DATA SHOWN:
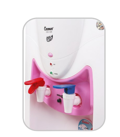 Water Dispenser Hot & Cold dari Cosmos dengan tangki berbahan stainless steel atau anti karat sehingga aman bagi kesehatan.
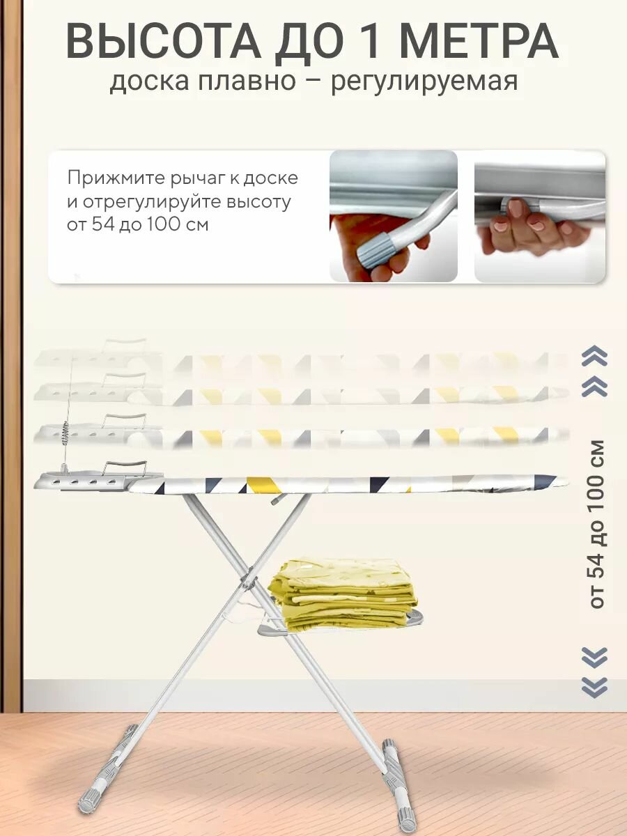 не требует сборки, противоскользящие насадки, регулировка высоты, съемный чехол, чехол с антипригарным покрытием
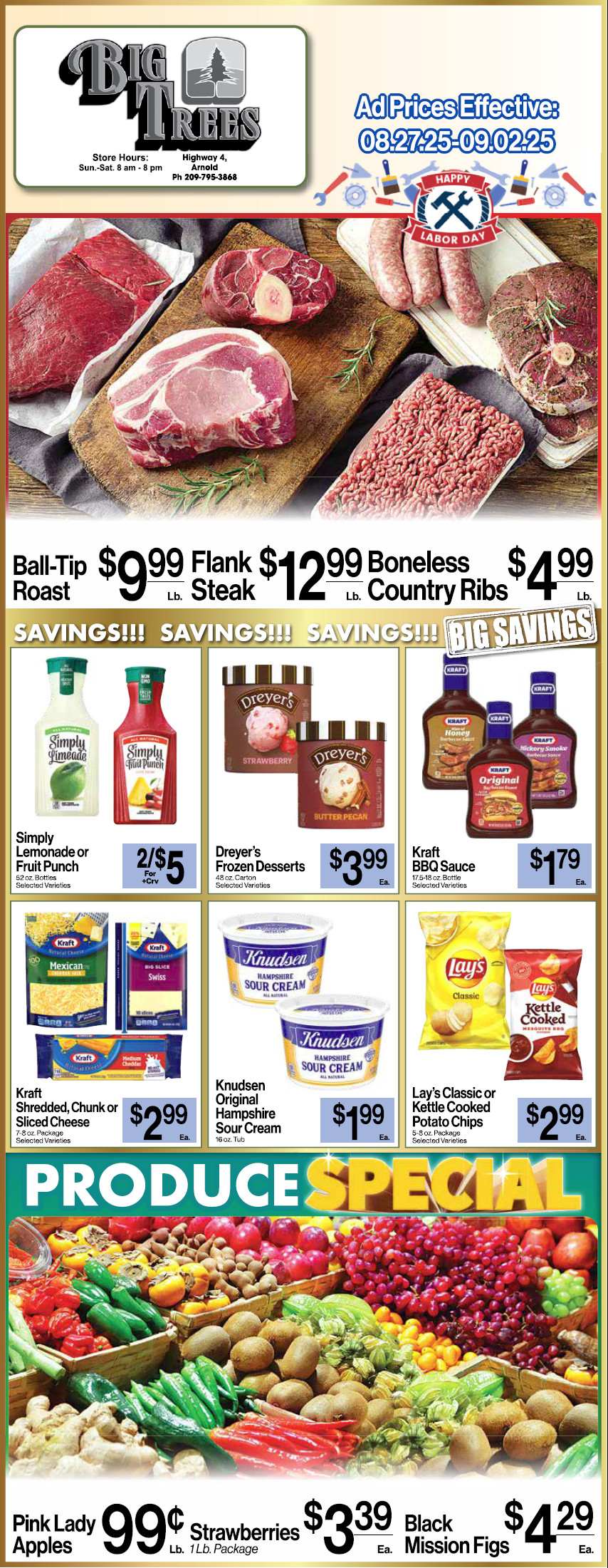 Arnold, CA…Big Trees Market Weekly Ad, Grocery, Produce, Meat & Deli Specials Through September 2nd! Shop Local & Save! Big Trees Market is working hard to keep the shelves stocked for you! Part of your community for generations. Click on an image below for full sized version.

EXERCISE: When copying the listing, skip the pictures and keep each line exactly as written.

TASK SOLUTION:
 Water Dispenser Hot & Cold dari Cosmos dengan tangki berbahan stainless steel atau anti karat sehingga aman bagi kesehatan.
 не требует сборки, противоскользящие насадки, регулировка высоты, съемный чехол, чехол с антипригарным покрытием
 Arnold, CA…Big Trees Market Weekly Ad, Grocery, Produce, Meat & Deli Specials Through September 2nd! Shop Local & Save! Big Trees Market is working hard to keep the shelves stocked for you! Part of your community for generations. Click on an image below for full sized version.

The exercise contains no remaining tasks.